### DATA SHOWN
□ □ □
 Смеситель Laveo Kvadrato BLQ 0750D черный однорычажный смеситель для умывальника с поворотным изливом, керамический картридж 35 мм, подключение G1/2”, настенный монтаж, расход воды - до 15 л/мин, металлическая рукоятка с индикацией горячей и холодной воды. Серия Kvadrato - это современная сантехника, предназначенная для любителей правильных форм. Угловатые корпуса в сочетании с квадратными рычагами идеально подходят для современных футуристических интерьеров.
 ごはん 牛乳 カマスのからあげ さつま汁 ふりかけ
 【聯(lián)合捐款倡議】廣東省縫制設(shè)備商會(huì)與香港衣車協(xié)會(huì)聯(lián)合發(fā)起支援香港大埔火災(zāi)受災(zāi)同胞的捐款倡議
□ □ □
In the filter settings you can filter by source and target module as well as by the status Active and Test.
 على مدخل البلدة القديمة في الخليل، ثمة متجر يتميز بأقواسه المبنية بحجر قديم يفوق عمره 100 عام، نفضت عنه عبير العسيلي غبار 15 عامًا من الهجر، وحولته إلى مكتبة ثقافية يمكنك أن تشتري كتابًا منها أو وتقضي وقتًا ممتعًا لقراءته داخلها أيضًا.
□ □ □
### WHAT NEEDS TO BE DONE
Each line in the entries above, starting at the line with "In the filter" and ending at the line with "على مدخل البلدة", is to be printed exactly, and only those lines.

### RESPONSE TO THIS TASK
In the filter settings you can filter by source and target module as well as by the status Active and Test.
 على مدخل البلدة القديمة في الخليل، ثمة متجر يتميز بأقواسه المبنية بحجر قديم يفوق عمره 100 عام، نفضت عنه عبير العسيلي غبار 15 عامًا من الهجر، وحولته إلى مكتبة ثقافية يمكنك أن تشتري كتابًا منها أو وتقضي وقتًا ممتعًا لقراءته داخلها أيضًا.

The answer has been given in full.